**EXERCISE MATERIAL**
%%

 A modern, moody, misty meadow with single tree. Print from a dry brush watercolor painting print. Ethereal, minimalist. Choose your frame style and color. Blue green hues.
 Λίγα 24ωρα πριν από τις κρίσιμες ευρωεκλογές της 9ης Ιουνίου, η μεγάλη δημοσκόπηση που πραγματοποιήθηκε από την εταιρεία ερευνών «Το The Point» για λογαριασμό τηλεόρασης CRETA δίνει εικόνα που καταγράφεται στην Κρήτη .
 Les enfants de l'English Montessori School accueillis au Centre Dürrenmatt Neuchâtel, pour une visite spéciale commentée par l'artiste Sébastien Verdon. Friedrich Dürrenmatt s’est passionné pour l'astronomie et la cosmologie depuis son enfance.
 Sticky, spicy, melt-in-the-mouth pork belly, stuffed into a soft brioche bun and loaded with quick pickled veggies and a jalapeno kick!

%%
%%

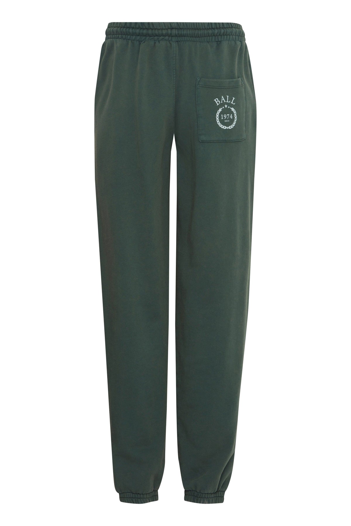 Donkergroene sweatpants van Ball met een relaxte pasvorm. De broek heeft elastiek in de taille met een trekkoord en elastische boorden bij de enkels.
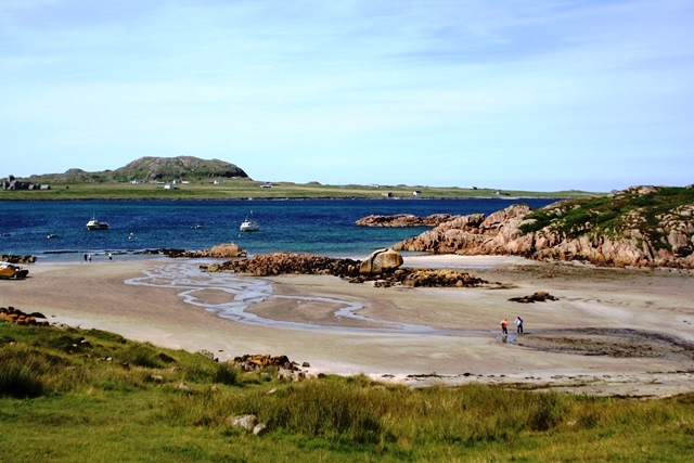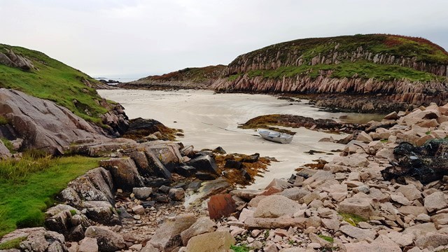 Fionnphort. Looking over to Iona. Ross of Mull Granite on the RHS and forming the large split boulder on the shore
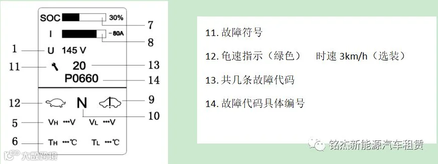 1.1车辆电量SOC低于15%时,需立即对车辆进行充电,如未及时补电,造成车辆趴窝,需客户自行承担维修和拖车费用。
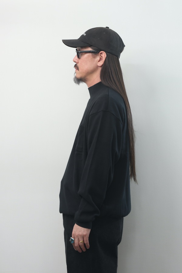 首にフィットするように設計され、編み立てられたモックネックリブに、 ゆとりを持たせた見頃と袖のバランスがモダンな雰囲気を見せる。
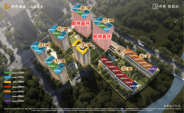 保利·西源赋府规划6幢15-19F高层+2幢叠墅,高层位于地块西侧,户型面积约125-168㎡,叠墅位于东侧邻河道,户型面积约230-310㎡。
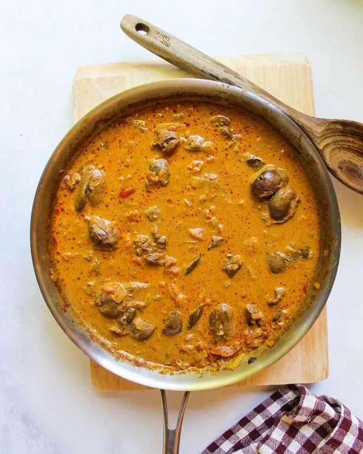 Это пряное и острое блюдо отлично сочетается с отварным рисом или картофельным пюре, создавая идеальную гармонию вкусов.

%%
%%

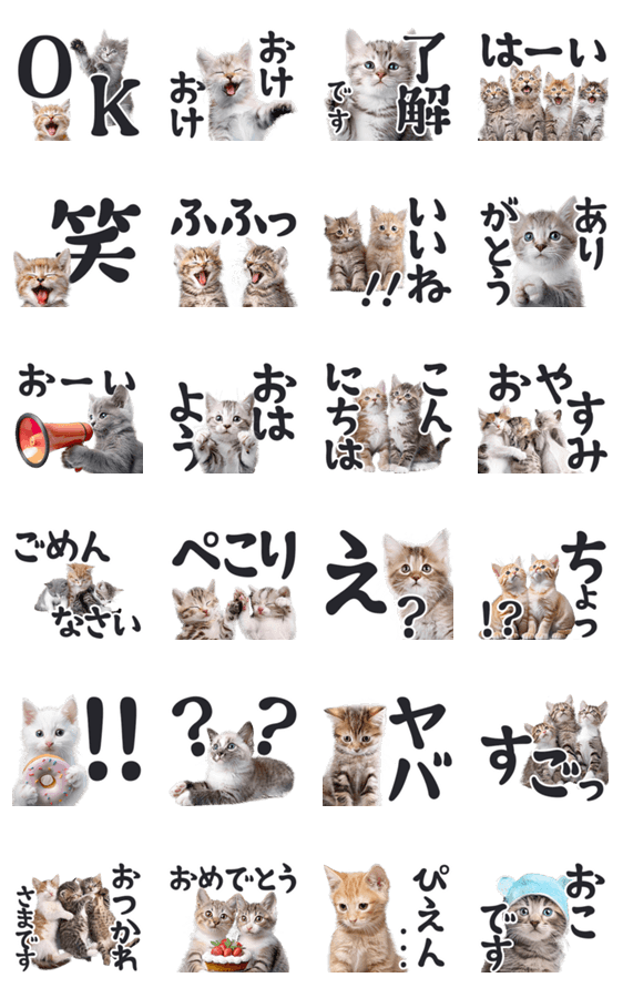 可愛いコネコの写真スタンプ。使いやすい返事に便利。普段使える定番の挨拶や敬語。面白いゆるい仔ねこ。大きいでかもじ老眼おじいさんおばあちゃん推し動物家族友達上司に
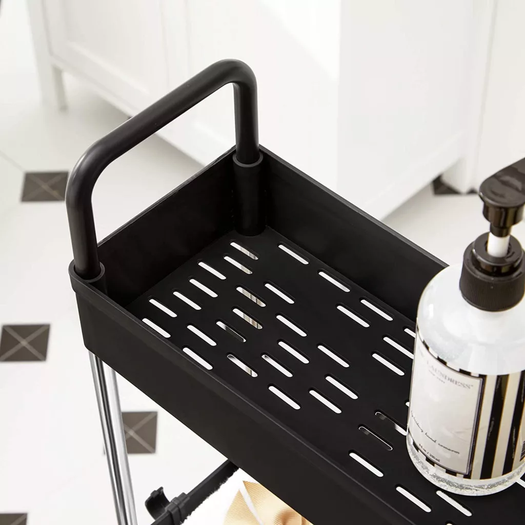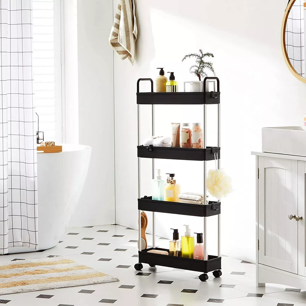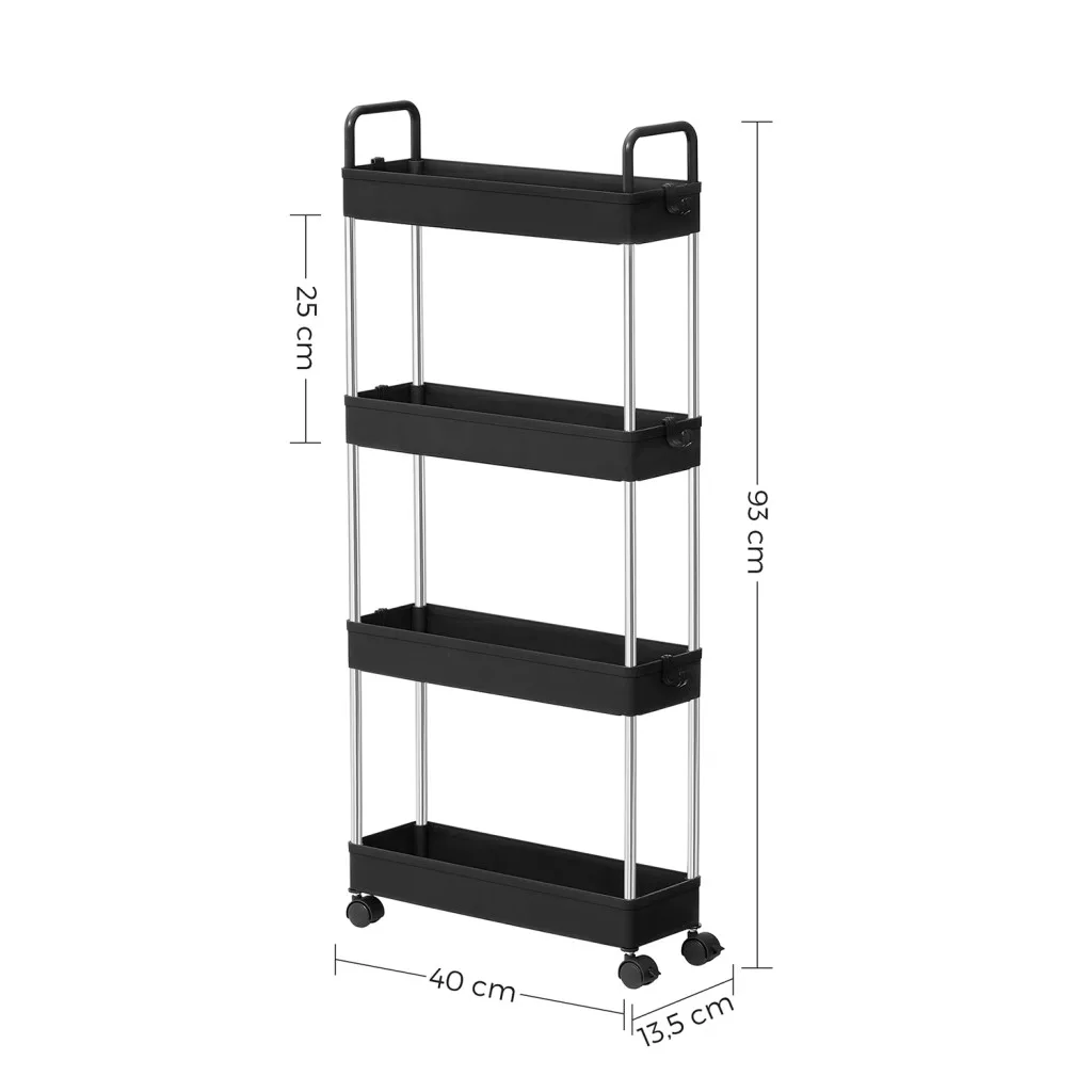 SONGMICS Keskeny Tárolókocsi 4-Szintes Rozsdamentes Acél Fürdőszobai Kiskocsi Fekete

%%

**TRY IT**
Count the lines in the entries where the string "with" appears, and report only the number.

**EXERCISE RESPONSE**
2